= Freemasonry in Italy =

Freemasonry in Italy (Massoneria) dates to the first half of the eighteenth century. Its success largely depended on the lack of enthusiasm with which Papal bans on the order were enforced in the various states. After the end of the Napoleonic regime, Freemasonry was suppressed in most of the peninsula. The start of the unification process in 1859 saw a revival in Freemasonry. Giuseppe Garibaldi, a leader of Italian unification, was an active Mason and a keen supporter of the craft. In the 1920s, Freemasonry was again suppressed under Italian fascism but revived again after the fall of Benito Mussolini. In the 1980s the Propaganda Due scandal attracted national attention, damaging Masonry's image. Into the 21st century, Italy contains a wide variety of Masonic observances, regular, liberal, male, female and mixed.

== History ==

=== Origins ===

Italy in 1796

The early history of Freemasonry in the Italian peninsula precedes the unification of the country in 1859–60, and must be dealt with as it occurs in separate states. A minute of 1845 records a lodge called Fidelitas being founded at Girifalco in Calabria in 1723. In spite of the lack of earlier records, this is often cited as the first Masonic Lodge in Italy. Lack of documentation is a major problem in tracing the history of Italian Freemasonry. Many documents were burned by Fascists in the 1920s, often assisted by Freemasons who wished to destroy any record of their own participation.

==== Tuscany ====

Sometime before August 1732, Lord Charles Sackville, then Earl of Middlesex, later the second Duke of Dorset, founded a lodge in Florence which later attracted Italian noblemen and intellectuals. It also attracted the interest of the Inquisition, and its Italian secretary, Tommaso Crudeli, was imprisoned and tortured, later dying as a result. Two lodges were formed in Livorno in 1763 and 1765 under the Antient Grand Lodge of England, and the Premier Grand Lodge of England produced two more in the same city in 1771. Lodges were also formed when French troops were quartered in Livorno in 1796–97, but all were closed by the Grand Duke in 1800. Lodges were again formed in Florence and Livorno in 1807-09 after annexation by France, but the end of French rule in 1814 meant the end of Freemasonry until Tuscany became part of the Italian State in 1859.

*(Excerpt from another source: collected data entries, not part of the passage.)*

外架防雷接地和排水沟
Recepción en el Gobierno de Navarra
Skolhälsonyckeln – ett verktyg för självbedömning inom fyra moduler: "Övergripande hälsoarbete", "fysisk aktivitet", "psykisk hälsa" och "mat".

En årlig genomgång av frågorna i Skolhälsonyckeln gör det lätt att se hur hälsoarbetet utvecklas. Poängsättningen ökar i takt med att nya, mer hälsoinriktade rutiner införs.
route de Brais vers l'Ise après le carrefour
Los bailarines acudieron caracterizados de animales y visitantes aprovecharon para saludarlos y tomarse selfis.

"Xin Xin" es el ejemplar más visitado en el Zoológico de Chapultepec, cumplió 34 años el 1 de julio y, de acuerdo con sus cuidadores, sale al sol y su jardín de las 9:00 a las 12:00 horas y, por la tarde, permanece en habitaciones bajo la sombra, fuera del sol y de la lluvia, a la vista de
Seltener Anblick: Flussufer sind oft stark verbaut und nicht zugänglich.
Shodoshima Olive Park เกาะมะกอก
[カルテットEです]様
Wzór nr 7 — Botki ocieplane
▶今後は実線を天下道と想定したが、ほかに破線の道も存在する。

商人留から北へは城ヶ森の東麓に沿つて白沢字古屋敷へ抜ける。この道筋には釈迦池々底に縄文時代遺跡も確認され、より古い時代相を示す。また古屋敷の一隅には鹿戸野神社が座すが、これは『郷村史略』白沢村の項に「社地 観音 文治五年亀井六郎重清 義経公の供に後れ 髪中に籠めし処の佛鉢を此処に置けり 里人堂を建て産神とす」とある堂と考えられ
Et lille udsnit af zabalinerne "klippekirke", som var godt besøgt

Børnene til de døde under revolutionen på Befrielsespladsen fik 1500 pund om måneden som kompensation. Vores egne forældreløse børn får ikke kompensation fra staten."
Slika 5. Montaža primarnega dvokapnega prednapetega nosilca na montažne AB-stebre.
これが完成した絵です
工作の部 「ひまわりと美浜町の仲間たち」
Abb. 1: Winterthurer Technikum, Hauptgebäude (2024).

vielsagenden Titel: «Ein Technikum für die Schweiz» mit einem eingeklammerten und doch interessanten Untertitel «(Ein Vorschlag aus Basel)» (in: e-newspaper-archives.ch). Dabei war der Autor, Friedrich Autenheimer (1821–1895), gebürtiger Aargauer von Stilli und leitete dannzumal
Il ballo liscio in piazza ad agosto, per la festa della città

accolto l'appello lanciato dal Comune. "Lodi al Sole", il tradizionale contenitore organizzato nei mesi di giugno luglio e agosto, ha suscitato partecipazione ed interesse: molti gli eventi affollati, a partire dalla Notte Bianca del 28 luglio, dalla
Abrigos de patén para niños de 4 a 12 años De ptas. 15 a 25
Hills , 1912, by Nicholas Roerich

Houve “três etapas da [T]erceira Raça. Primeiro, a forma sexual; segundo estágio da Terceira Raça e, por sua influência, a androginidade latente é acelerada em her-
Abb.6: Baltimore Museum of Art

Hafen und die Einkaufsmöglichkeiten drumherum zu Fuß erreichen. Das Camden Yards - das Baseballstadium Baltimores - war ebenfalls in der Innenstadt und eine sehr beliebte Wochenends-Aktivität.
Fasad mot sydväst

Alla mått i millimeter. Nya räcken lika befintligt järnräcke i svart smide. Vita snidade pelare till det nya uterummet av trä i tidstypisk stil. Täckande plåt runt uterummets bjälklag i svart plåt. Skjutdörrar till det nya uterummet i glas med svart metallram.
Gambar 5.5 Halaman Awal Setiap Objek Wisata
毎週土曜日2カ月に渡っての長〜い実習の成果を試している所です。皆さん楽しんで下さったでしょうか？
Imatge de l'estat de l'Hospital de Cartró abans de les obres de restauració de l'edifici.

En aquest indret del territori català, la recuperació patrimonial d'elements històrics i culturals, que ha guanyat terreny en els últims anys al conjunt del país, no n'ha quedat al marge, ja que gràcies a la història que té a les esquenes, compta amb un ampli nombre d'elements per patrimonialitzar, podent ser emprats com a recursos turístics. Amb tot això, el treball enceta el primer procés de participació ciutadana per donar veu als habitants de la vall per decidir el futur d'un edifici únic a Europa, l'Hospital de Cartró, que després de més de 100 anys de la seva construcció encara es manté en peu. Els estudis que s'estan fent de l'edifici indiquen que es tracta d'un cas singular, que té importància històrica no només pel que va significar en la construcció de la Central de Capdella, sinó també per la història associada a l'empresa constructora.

==== Rome and the Papal States ====
The Gormogons arrived in Rome before the Freemasons, setting up a lodge in 1724 which may have survived until 1735. The purpose of the lodge may have been the advocacy of Jacobitism. Freemasonry arrived in 1733 in the form of an English-speaking lodge (often called the Jacobite Lodge of Rome) which admitted the exiled George Seton, 5th Earl of Winton. In 1737, the lodge officers were arrested by the Inquisition, and the lodge closed down. Pope Clement XII issued the first papal bull against Freemasonry (In eminenti) the following year, making it illegal in the Papal States. Foreign masons, however, continued to meet in secret, issuing a medal honouring Martin Folkes in 1742. A permanent lodge was established in 1787, but erased by the Inquisition two years later, the same day that Cagliostro was captured. Freemasonry flourished in Rome after the French invasion of 1809, but suppression returned with the Pope in 1814. Although the Grand Orient of Turin managed to establish a lodge in 1861, it was not until 1870 and the incorporation of the Papal States into the Kingdom of Italy that Freemasonry was again permitted.

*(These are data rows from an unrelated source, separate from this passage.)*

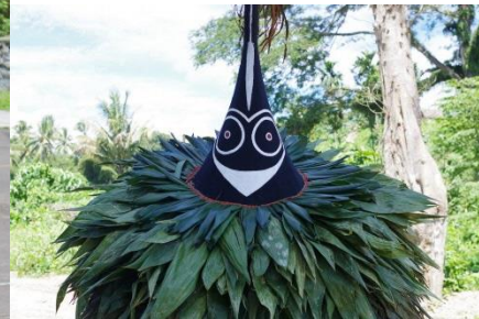
トーライ族の精霊 トゥブアン
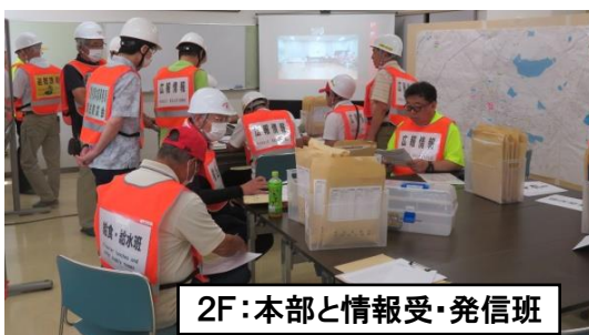
2F:本部と情報受・発信班
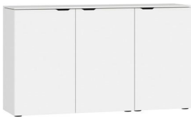
Kommode Typ 19
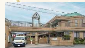
■ 認定こども園 あおぞら総社 徒歩約7～8分 (約540～600m)
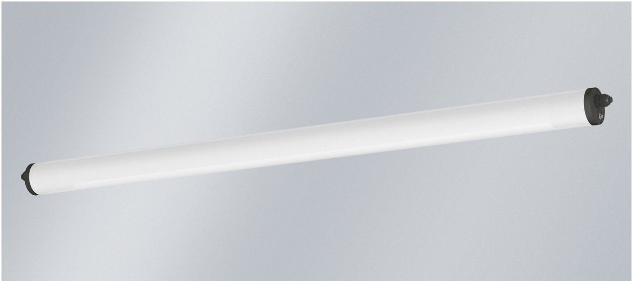
L'illustration peut différer
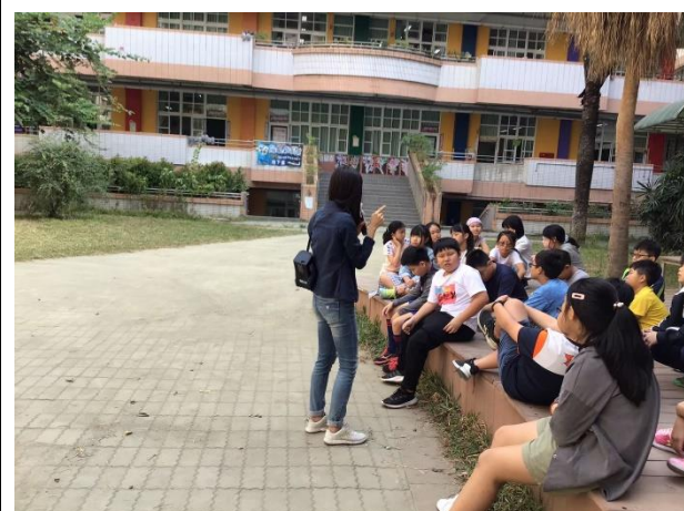
• 「空間魔法師」課程解說中
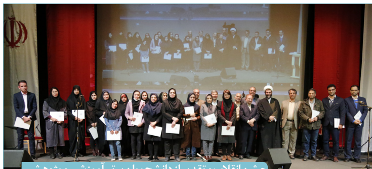
جشن انقلاب و تقدیر از دانشجویان برتر آموزشی و پژوهشی

==== Naples and the Two Sicilies ====

A masonic seal dated to 1728 in Naples appears to belong to a lodge named "Perfect Union", about which nothing else is known. No trace, likewise, can be found of the lodge patented in London in 1731 to be formed in Naples. In 1750, a Neapolitan lodge was established by a Greek, but after the publication, on 28 May 1751, of the Bull Providas Romanorum Pontificum issued by Pope Benedict XIV to reiterate the papal condemnation of 1738, Charles VII of Bourbon (who later became King Charles III of Spain) issued an edict (10 July 1751) that prohibited Freemasonry in the Kingdom of Naples. He changed his mind the next year, entrusting his son's education to a Mason and a priest. In 1764 a national Grand Lodge was established, and Freemasonry seemed firmly established in the Kingdom of the Two Sicilies. However, in 1775 Tannuci, a minister of Ferdinand IV, persuaded him to ban Freemasonry again. Using Agents provocateurs Tannuci induced some masons to meet illegally, which allowed him to make arrests. Queen Caroline then intervened on the mason's behalf, convincing her husband to revoke the edict and dismiss Tannuci. In 1781 the ban was renewed, and its revocation two years later came with such restrictions that Freemasonry in the Two Sicilies died out. Flourishing briefly during the French occupation from 1804 to 1814, the ban was again imposed on their expulsion. Freemasonry in the Two Sicilies had a fitful, clandestine existence, last recorded in Palermo in 1848.

==== Sicily ====

Two Masonic lodges were founded in Sicily: in 1762 the "San Giovanni di Scozia" in Palermo and in 1764 the "Saint Jean d'Ecosse du Secret et de l'Harmonie" in Malta.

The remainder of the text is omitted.